The Nobel Peace Prize has been awarded to the International Campaign to Abolish Nuclear Weapons (Ican).

Berit Reiss-Andersen, the Nobel committee chair, said it was due to the group’s “groundbreaking efforts to achieve a treaty prohibition” on nuclear weapons.

“We live in a world where the risk of nuclear weapons being used is greater than it has been for a long time,” she continued.

She cited the North Korea issue.

Ms Reiss-Andersen called on nuclear-armed states to initiate negotiations to gradually eliminate the weapons.

In July, after pressure from Ican, 122 nations adopted a UN treaty designed to ban and eventually eliminate all nuclear weapons. But none of the nine known nuclear powers in the world – including the UK and the US – signed up.

Ican, a coalition of hundreds of NGOs, is 10 years old and is based in Geneva, Switzerland.
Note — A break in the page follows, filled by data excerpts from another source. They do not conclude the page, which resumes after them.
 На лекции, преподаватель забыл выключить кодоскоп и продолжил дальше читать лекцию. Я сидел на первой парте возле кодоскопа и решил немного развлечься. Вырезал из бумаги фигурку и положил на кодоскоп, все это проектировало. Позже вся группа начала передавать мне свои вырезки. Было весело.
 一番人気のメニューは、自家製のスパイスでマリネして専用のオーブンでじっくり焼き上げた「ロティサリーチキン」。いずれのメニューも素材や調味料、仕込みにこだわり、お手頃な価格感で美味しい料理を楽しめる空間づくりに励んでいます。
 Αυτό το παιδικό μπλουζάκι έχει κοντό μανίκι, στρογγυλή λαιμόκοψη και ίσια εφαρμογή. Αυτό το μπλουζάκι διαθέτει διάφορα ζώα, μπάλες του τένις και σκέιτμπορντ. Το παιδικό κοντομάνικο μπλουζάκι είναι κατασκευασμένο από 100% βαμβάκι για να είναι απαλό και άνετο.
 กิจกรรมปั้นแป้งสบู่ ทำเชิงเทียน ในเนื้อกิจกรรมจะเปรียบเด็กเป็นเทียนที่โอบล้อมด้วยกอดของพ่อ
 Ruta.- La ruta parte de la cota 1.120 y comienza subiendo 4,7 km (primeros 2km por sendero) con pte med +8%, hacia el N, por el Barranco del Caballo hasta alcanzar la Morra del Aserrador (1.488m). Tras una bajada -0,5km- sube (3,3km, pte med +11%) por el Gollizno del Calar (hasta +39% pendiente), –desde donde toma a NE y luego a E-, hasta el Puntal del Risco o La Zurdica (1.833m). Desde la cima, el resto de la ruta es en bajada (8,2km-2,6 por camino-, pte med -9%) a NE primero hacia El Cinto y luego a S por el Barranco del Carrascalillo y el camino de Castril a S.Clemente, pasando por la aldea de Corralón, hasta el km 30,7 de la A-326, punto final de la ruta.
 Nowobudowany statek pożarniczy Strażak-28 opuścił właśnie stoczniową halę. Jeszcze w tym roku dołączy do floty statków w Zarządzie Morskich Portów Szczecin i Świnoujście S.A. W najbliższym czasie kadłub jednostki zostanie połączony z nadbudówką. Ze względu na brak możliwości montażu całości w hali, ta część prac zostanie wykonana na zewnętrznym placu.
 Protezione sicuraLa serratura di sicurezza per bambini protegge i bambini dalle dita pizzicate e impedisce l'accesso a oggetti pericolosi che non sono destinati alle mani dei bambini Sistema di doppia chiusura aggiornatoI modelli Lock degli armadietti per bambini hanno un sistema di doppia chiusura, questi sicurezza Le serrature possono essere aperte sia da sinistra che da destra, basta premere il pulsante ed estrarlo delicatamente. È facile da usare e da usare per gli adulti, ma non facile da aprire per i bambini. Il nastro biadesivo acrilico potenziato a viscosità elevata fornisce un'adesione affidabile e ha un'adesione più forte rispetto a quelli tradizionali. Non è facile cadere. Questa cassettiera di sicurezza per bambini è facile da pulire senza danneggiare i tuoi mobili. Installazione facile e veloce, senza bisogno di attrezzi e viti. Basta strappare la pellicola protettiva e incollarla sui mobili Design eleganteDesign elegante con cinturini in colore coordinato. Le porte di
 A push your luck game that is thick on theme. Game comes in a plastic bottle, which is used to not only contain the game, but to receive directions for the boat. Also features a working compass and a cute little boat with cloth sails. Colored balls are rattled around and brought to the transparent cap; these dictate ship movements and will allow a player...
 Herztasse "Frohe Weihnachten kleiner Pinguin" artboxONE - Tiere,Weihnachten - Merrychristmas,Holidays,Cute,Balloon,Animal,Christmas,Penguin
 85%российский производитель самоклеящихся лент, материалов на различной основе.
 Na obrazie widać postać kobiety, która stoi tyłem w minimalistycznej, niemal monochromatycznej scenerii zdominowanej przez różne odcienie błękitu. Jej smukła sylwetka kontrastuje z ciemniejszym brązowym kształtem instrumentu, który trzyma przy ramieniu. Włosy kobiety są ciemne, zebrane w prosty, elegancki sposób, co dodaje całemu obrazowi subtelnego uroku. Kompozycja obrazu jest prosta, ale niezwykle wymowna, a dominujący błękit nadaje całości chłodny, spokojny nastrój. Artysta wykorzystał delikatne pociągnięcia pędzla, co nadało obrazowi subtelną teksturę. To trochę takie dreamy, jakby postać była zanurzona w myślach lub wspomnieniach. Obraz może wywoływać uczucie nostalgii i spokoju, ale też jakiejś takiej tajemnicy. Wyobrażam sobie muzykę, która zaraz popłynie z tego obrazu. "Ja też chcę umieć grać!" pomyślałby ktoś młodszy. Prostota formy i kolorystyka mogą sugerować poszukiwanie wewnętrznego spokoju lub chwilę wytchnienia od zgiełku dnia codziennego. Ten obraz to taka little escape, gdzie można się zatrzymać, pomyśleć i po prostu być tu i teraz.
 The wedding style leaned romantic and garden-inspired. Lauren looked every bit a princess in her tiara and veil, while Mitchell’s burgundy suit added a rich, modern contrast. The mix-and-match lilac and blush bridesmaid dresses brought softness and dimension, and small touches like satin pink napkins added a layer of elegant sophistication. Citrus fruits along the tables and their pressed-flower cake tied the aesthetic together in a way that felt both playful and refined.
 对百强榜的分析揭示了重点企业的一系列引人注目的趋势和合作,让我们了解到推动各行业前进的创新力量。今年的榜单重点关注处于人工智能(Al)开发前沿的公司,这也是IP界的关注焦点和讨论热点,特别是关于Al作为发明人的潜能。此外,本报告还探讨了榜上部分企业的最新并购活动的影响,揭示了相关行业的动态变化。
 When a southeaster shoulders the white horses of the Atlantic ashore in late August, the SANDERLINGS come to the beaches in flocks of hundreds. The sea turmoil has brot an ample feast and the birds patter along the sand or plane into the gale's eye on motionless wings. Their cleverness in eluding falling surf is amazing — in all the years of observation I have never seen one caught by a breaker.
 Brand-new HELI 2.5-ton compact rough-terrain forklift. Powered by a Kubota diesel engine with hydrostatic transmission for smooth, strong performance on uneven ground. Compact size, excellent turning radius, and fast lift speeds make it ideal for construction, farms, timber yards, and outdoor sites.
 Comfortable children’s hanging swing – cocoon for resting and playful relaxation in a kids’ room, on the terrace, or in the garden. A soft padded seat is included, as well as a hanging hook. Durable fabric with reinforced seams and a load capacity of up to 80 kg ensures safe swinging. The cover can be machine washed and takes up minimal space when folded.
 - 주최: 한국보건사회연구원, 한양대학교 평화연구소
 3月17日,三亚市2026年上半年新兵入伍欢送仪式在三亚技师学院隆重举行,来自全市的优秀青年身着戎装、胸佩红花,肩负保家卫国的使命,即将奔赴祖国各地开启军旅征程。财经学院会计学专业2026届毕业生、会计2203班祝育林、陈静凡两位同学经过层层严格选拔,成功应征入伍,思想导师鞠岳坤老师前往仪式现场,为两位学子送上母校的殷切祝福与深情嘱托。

The group will receive nine million Swedish kronor ($1.1 million, £94,000) along with a medal and a diploma at a ceremony in December.

The Nobel prize citation read: “Some states are modernising their nuclear arsenals, and there is a real danger that more countries will try to procure nuclear weapons, as exemplified by North Korea.”

North Korean leader Kim Jong-un has launched a series of rockets and a nuclear test this year, leading to an escalating war of words with US President Donald Trump.

Mr Trump, who commands one of the world’s most powerful nuclear arsenals, threatened to “totally destroy” North Korea if his country is forced to defend itself or its allies.

Last year’s winner, Colombian President Juan Manuel Santos, said the peace prize was “like a gift from heaven” as his government tried to negotiate a deal with the main rebel group, the Farc.